NOUMÉA, France : L'Etat français a lancé dimanche une vaste opération des forces de l'ordre dans son archipel du Pacifique Sud de Nouvelle-Calédonie pour dégager la route vers l'aéroport, après six morts en six jours d'émeutes contre une réforme électorale.

Cette opération «avec plus de 600 gendarmes» vise «à reprendre totalement la maîtrise de la route principale de 60 km entre Nouméa et l’aéroport», a annoncé le ministre français de l'Intérieur Gérald Darmanin dans un message sur X.

Une urgence pour les autorités, d'autant que la Nouvelle-Zélande a annoncé dimanche avoir demandé à la France de pouvoir poser des avions, afin de rapatrier ses ressortissants.

«Nous sommes prêts à décoller, et attendons l'autorisation des autorités françaises pour savoir quand ces vols pourront avoir lieu en toute sécurité», a indiqué dans un communiqué le ministre des Affaires étrangères, Winston Peters.

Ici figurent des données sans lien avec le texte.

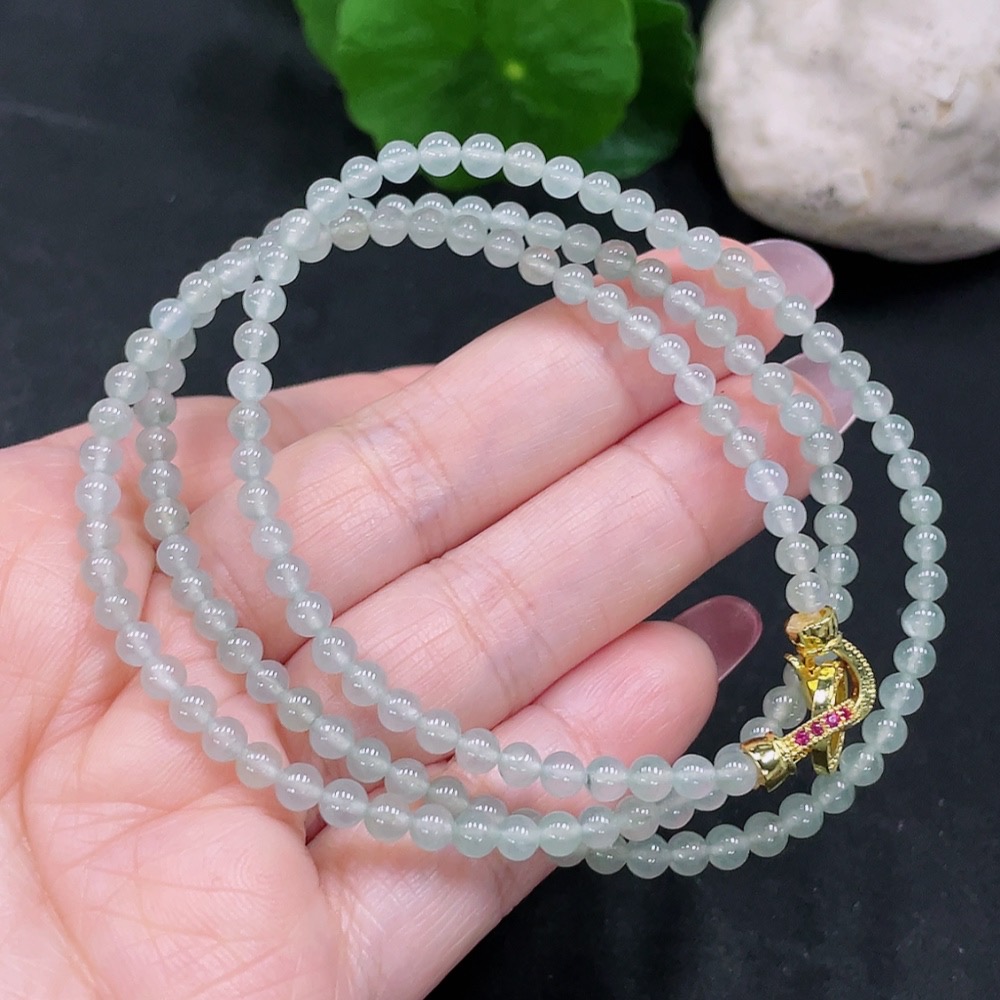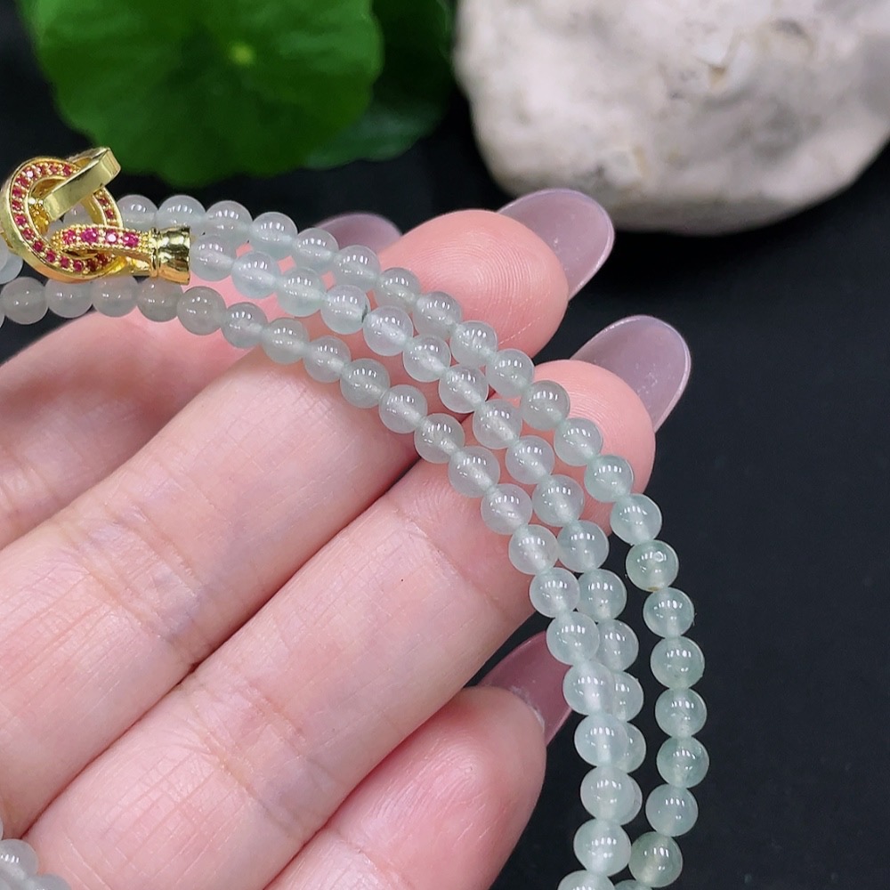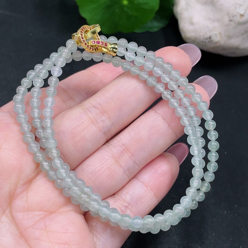 Trezaar - Jadeite Bead Necklace Approx. 3.8mm Total Weight Approx. 15.7g (Non-gold Inlaid)

En l'absence de vols depuis et vers la Nouvelle-Calédonie, suspendus depuis mardi, le gouvernement de l'archipel estimait samedi que 3.200 personnes étaient bloquées, soit parce qu'elles ne pouvaient pas quitter l'archipel, soit parce qu'elles ne pouvaient pas le rejoindre.

- Plus de 3.000 personnes bloquées -

Pour déblayer la route vers l'aéroport, un convoi constitué notamment de blindés et d'engins de chantier à quitté Nouméa, dans un premier temps vers Païta.

Mais des journalistes de l'AFP ont constaté que dimanche à la mi-journée, à Nouméa et dans les communes avoisinantes, des indépendantistes filtraient toujours le passage par de très nombreux barrages faits de pierres, d'engins divers ou d'autres objets, en fonction des véhicules qui se présentaient.

«On est prêt à aller jusqu’au bout, sinon à quoi bon?», a dit un manifestant à l'AFP sur un barrage à Tamoa.

Les violences ont fait six morts, le dernier en date samedi après-midi, un Caldoche (Calédonien d'origine européenne) à Kaala-Gomen, dans la province Nord. Les cinq autres morts sont deux gendarmes et trois civils kanaks, dans l'agglomération de Nouméa.

Dans un communiqué dimanche matin, le Haut-commissariat de la République en Nouvelle-Calédonie a fait cependant état d'une nuit «plus calme», soulignant que l'Etat se mobilisait.

«Au total, 230 émeutiers ont été interpellés» en près d'une semaine, a-t-il précisé.

Reprendre le contrôle par la force devrait être un travail de longue haleine pour les forces de l'ordre. La violence dans certains quartiers chaque nuit montre que les émeutiers restent très déterminés.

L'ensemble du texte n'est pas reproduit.